Valorisations élevées
À l’instar des autres banques européennes, ING est en pleine période de transition. La banque a annoncé en 2015 la suppression de plusieurs milliers d’emplois et la fermeture de son réseau d’agences. "Toutes les banques doivent travailler sur les coûts, puisque leurs revenus sont sous pression. Il y a aussi les provisions. Pour le moment, on reste dans un scénario de ciel bleu, en tout cas sur le Benelux. Ici, les banques ont été plus strictes dans le fait d’accorder des prêts", note Christian Solé, Head of Financial chez Candriam.
Ce qui lui fait dire que les investisseurs payent actuellement des valorisations de haut de cycle, avec des risques sur les revenus et les provisions. "Nous sommes plutôt prudents sur les financières", confirme-t-il. En d’autres termes, le secteur des banques ET de l’assurance. Car les assureurs, en particulier ceux qui ont des portefeuilles d’assurance-vie, souffrent également des taux bas. Ainsi, la faiblesse de l’économie et des taux d’intérêt a pesé sur les primes d’Ageas, rendant difficile la vente de produits d’épargne garantie, compte tenu de la concurrence des offres alternatives et des faibles rendements. Le bénéfice net du segment Vie a ainsi reculé de 24% sur les neufs premiers mois de 2017.
On notera cependant une plus forte résilience du secteur de l’assurance en Bourse.

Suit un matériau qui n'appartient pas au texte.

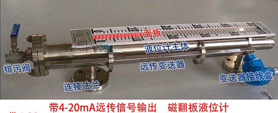 防凍液液位計測量液體時采用頂裝或旁通管側裝方式。磁翻柱主體外加裝翻柱液位指示器、液位開關及液位變送器。磁單元置于浮球內部或通過頂桿與浮球相連,當浮球連帶磁單 元隨液位變化時,使磁性色塊(磁翻板)翻轉;磁性液位開關在對應液位點動作;同時液位傳感器在浮球磁力的作用下,輸出標準的變化電阻信號,再經過變送器把電阻信號轉換 成4~20mA電流信號輸出。
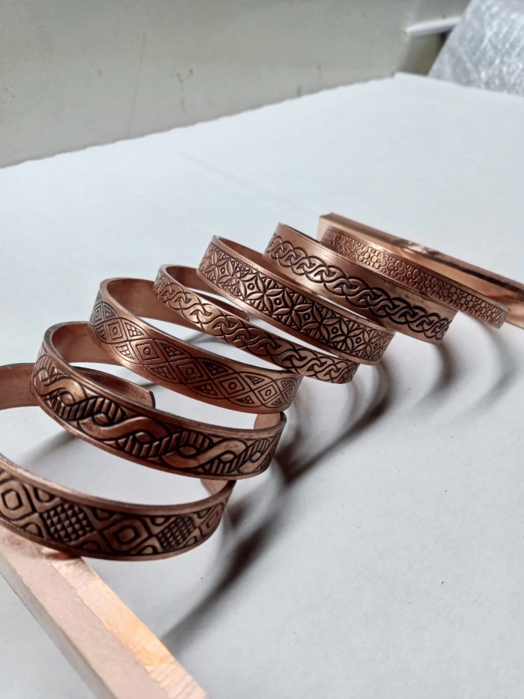Motifli Bakır Bileklik, Kalınlık 2 mm En 12 mm.
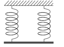 Задание 7. Однородный стержень массой 2 кг подвешен на двух одинаковых невесомых вертикальных пружинах (см. рисунок). Какова жёсткость каждой пружины, если удлинение каждой пружины равно 4 см?
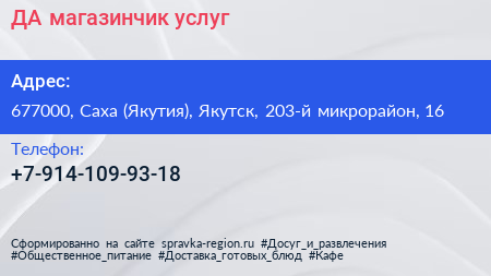 ДА, магазинчик услуг по адресу 677000, Саха (Якутия), Якутск, 203-й микрорайон, 16 в дальнейшем Организация, размещена в следующих категориях:

Celui-ci a progressé de 14,32% depuis la crise de 2008. Une surperformance par rapport aux banques qu’Arnaud Delaunay, analyste chez Leleux Associated Brokers, explique par une meilleure "flexibilité". "Les assureurs ont les mêmes problématiques que le secteur bancaire, mais ils sont plus flexibles sur les contrats d’assurance court terme (automobile, habitation). (…) Au niveau de la réglementation, l’assurance a également été moins touchée que le secteur bancaire". Mais au final, cette surperformance a entraîné une hausse des valorisations qui rend les analystes frileux.